Kinopoisk (Кинопоиск, a portmanteau of "cinema" and "search") is a Russian online database of information related to films, TV shows including cast, production team, biographies, plot summaries, ratings, and reviews. Since 2018 (as КиноПоиск HD) also a subscription video on demand streaming service with several thousand films, TV series, cartoons and including premieres and exclusive ones, has also been available.

==History==
In 2013, Kinopoisk was purchased by Yandex, one of Russia's largest IT companies. In 2015, KinoPoisk underwent a total redesign. However, the new design was met with strong criticism by both users and the media for its inferior functionality and slower loading time.
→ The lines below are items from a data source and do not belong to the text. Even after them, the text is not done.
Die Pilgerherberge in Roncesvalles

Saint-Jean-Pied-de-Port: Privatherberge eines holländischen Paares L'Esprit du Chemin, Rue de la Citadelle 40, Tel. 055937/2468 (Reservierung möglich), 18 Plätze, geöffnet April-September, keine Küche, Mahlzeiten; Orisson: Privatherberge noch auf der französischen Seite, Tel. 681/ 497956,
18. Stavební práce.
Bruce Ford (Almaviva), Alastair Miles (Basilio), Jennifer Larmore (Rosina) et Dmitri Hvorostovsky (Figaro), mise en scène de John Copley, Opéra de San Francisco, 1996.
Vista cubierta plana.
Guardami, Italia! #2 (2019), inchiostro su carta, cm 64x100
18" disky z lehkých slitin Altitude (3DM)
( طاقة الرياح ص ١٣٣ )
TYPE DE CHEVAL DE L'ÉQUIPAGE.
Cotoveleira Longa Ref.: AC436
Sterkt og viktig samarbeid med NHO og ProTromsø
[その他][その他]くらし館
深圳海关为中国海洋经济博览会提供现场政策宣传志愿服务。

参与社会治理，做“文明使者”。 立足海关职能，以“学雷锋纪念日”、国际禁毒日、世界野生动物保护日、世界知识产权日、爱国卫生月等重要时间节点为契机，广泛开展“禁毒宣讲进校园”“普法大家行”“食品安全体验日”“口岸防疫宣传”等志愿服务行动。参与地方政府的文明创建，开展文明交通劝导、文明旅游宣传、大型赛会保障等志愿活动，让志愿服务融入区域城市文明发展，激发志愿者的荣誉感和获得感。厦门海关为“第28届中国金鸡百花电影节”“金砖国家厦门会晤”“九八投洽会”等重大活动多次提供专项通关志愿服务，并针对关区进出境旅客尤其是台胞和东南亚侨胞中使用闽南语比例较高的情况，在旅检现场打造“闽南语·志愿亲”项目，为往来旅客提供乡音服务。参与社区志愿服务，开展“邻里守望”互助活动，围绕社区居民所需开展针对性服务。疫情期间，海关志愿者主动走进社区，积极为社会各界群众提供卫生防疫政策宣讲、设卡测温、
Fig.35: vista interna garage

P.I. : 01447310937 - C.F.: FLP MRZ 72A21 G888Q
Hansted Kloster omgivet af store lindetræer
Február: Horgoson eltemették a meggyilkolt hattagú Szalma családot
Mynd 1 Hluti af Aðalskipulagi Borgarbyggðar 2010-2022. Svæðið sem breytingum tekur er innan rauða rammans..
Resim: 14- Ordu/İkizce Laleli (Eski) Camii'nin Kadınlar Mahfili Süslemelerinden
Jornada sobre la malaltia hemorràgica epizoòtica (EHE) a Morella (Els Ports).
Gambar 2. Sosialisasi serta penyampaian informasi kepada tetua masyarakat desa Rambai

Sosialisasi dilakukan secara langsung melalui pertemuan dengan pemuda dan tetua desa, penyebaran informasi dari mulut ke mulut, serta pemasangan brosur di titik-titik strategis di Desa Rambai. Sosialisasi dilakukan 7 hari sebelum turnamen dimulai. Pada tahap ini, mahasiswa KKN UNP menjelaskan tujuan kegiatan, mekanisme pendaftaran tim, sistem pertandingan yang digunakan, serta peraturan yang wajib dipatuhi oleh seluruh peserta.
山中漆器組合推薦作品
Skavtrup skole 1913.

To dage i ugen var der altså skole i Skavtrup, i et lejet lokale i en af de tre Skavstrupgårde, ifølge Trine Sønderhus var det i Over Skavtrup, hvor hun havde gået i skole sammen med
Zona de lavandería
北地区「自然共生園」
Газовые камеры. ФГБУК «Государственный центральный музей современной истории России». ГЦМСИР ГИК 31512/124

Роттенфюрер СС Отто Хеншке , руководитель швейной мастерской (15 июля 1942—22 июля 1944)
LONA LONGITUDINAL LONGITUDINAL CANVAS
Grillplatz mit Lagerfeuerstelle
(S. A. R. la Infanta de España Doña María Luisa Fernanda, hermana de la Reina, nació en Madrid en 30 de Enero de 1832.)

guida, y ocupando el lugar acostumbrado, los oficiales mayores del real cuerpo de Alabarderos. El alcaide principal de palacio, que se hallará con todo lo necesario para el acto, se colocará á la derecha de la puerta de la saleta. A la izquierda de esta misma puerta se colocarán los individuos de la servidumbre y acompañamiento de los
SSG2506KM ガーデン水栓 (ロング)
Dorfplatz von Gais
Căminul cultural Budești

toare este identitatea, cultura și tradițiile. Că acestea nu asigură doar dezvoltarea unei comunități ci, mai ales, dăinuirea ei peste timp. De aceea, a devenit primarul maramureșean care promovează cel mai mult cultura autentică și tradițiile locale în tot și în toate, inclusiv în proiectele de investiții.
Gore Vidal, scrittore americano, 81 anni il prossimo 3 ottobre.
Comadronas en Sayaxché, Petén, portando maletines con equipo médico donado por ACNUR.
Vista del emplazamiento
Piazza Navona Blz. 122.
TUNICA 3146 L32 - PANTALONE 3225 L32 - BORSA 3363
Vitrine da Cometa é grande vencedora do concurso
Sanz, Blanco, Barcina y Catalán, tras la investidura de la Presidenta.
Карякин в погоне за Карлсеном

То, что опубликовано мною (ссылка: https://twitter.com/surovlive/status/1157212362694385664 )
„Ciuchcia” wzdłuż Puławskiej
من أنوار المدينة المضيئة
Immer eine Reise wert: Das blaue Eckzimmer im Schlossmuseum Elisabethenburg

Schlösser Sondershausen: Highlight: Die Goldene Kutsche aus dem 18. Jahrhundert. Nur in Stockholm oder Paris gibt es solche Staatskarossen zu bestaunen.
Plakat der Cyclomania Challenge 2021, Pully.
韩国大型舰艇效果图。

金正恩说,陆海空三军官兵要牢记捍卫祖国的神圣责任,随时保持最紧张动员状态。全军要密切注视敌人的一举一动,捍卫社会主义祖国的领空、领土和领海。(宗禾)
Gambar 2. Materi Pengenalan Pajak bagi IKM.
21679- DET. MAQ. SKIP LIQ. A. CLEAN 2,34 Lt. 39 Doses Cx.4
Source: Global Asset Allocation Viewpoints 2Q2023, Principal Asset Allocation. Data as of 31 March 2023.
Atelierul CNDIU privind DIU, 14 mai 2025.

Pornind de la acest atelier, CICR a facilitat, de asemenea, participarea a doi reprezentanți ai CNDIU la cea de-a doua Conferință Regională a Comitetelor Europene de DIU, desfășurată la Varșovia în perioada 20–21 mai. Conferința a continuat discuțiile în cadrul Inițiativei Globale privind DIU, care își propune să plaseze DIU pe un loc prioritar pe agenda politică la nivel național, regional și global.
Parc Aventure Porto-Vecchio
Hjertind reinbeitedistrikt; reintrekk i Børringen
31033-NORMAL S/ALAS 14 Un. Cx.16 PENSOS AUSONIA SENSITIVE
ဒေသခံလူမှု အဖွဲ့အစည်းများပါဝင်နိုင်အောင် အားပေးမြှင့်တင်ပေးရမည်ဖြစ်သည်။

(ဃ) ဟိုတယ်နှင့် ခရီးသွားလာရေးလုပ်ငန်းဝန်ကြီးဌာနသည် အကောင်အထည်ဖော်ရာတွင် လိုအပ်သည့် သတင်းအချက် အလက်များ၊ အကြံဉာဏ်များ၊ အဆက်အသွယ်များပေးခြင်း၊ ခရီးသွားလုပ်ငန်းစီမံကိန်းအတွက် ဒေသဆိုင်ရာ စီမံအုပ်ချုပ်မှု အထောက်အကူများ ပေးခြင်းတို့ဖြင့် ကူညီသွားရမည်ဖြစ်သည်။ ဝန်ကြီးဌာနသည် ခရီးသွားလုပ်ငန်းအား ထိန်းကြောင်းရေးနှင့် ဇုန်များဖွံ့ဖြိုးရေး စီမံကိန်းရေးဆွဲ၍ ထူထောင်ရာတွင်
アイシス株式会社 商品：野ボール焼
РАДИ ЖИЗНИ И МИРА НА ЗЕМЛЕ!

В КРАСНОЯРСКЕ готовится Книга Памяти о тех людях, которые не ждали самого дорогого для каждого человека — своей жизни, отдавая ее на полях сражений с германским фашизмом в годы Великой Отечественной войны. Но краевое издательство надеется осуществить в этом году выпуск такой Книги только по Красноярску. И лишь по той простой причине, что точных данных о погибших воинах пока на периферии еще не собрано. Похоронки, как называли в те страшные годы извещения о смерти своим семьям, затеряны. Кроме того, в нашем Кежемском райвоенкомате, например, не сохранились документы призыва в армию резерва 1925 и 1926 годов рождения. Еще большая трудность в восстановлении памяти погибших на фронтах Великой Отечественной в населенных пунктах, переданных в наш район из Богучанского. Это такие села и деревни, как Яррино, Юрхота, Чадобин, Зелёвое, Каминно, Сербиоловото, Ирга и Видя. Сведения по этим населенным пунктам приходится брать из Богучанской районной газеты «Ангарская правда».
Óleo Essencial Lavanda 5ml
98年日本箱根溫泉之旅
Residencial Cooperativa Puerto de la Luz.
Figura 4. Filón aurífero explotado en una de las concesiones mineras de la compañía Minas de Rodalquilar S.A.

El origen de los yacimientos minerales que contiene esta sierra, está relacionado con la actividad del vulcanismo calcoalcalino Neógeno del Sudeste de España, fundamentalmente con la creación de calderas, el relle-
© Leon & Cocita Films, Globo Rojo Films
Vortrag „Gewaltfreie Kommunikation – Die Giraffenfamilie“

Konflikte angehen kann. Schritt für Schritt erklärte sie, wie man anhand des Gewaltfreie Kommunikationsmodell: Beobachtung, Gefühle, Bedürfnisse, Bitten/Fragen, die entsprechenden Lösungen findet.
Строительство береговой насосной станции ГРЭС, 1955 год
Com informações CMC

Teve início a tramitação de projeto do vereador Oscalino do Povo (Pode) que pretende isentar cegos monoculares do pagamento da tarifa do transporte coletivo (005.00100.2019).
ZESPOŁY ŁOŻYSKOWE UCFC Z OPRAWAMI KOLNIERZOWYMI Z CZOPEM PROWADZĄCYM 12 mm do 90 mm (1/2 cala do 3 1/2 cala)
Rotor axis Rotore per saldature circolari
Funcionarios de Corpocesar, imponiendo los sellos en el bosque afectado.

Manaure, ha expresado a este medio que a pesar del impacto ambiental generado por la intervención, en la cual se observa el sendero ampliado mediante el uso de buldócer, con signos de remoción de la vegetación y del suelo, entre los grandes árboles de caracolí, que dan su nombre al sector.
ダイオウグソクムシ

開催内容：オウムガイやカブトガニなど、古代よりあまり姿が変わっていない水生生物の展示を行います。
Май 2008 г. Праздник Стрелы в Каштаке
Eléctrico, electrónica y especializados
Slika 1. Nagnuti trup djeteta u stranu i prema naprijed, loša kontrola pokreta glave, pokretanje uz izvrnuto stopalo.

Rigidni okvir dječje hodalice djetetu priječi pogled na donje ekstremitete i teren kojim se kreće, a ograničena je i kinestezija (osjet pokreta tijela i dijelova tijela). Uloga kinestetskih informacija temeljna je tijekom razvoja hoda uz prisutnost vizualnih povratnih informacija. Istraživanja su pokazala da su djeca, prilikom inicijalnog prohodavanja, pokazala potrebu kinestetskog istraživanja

Within four days Yandex reverted the site to its former design. After that, new design features were introduced gradually.

By 2020s, Kinopoisk became Russia's major streaming service and started producing its own films and TV series, most notably Aeterna, The Last Minister, Grom: Boyhood, Others and Korol i Shut.

In 2023, Yandex partnered with the Kontinental Hockey League to acquire the rights for all KHL regular season and playoff games to be streamed on Kinopoisk.

==Features==
Kinopoisk is one of the most popular movie portals of the Runet. The website has 93 million visits per month. Among the sites dedicated to films, it occupies the 3rd place in the world in terms of traffic, after IMDb and the Chinese Douban.

Like IMDB, the site has a list of the top 250 films based on user ratings. As of June 2023, the first places among feature films were occupied by The Green Mile, The Shawshank Redemption and Forrest Gump.